-- Listed entries follows --

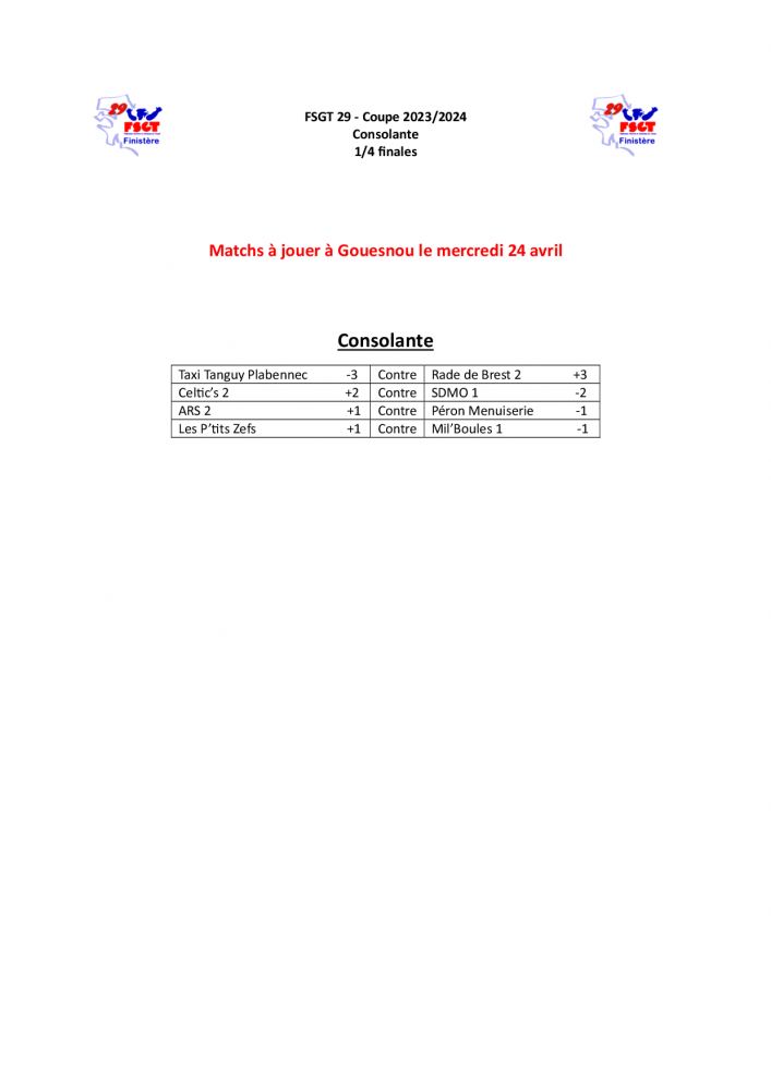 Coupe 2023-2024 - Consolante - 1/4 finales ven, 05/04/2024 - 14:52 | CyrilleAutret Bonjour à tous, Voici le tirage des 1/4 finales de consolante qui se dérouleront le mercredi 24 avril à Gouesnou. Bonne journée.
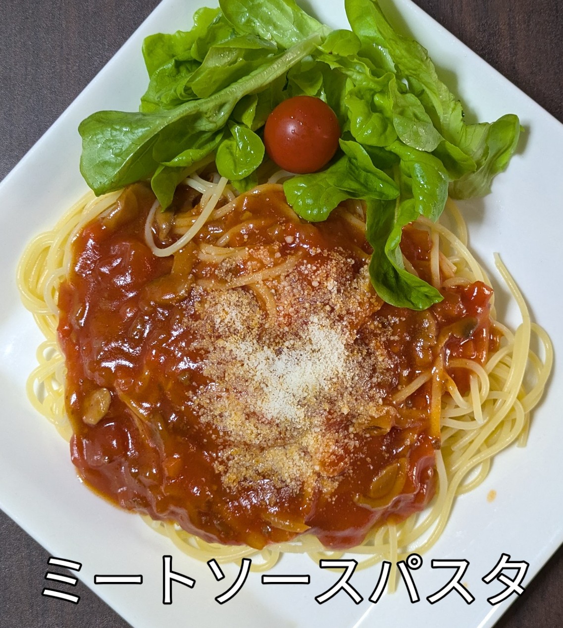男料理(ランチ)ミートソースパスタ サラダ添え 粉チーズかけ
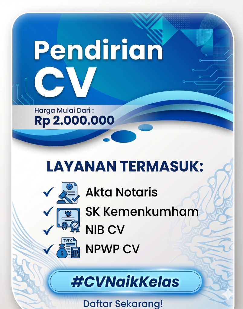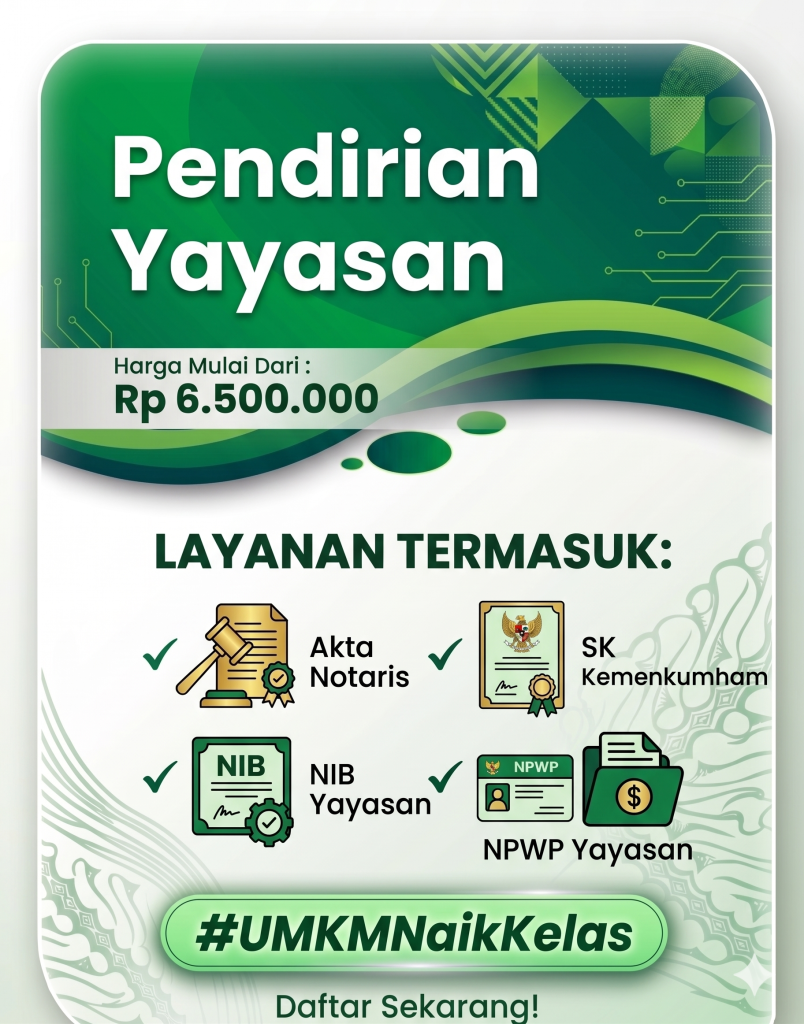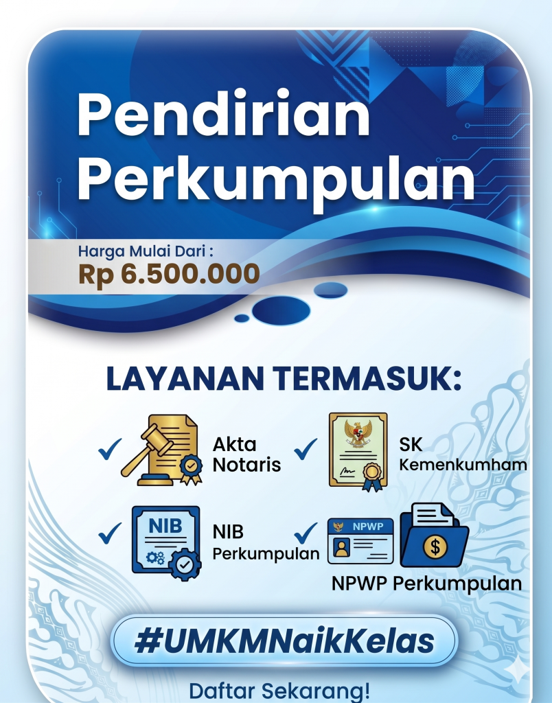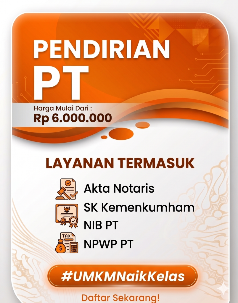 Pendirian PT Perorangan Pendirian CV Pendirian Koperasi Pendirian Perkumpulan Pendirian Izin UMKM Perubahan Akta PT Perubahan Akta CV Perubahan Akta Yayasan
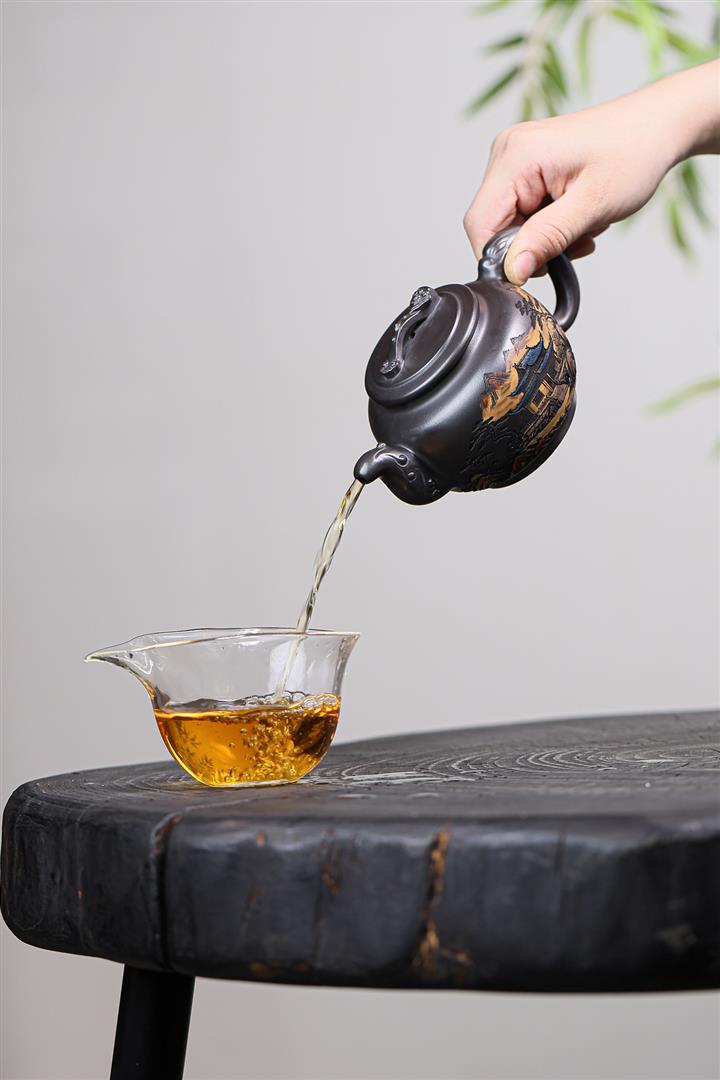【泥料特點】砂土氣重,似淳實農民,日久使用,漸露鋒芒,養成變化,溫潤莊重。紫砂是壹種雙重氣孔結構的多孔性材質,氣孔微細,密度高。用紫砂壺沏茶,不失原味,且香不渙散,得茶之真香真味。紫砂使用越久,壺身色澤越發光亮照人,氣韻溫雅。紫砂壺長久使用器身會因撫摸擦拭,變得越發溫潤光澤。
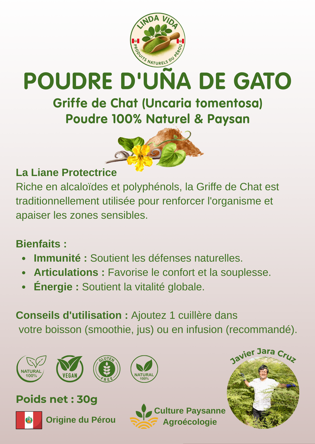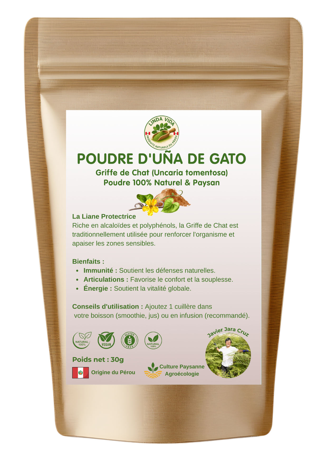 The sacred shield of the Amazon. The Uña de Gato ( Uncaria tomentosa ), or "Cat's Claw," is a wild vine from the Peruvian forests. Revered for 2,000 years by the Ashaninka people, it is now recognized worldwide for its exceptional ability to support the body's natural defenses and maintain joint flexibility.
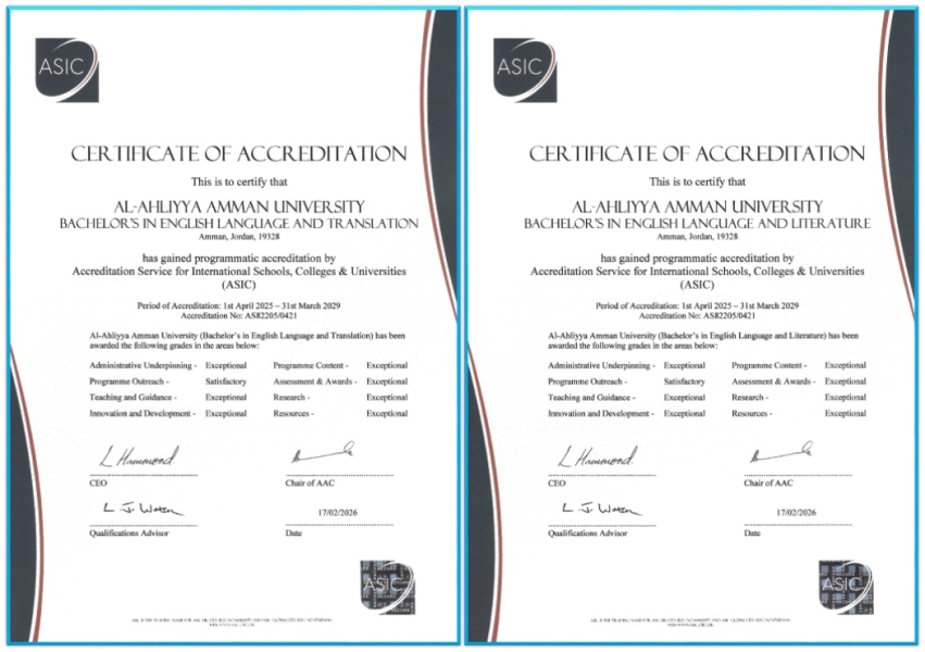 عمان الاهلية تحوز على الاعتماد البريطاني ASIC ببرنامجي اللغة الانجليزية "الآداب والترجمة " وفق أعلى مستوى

-- Listed entries concluded --

**About this task:** Send back the data above word for word, with the pictures left out.

**Final answer:**
 Coupe 2023-2024 - Consolante - 1/4 finales ven, 05/04/2024 - 14:52 | CyrilleAutret Bonjour à tous, Voici le tirage des 1/4 finales de consolante qui se dérouleront le mercredi 24 avril à Gouesnou. Bonne journée.
男料理(ランチ)ミートソースパスタ サラダ添え 粉チーズかけ
 Pendirian PT Perorangan Pendirian CV Pendirian Koperasi Pendirian Perkumpulan Pendirian Izin UMKM Perubahan Akta PT Perubahan Akta CV Perubahan Akta Yayasan
【泥料特點】砂土氣重,似淳實農民,日久使用,漸露鋒芒,養成變化,溫潤莊重。紫砂是壹種雙重氣孔結構的多孔性材質,氣孔微細,密度高。用紫砂壺沏茶,不失原味,且香不渙散,得茶之真香真味。紫砂使用越久,壺身色澤越發光亮照人,氣韻溫雅。紫砂壺長久使用器身會因撫摸擦拭,變得越發溫潤光澤。
 The sacred shield of the Amazon. The Uña de Gato ( Uncaria tomentosa ), or "Cat's Claw," is a wild vine from the Peruvian forests. Revered for 2,000 years by the Ashaninka people, it is now recognized worldwide for its exceptional ability to support the body's natural defenses and maintain joint flexibility.
 عمان الاهلية تحوز على الاعتماد البريطاني ASIC ببرنامجي اللغة الانجليزية "الآداب والترجمة " وفق أعلى مستوى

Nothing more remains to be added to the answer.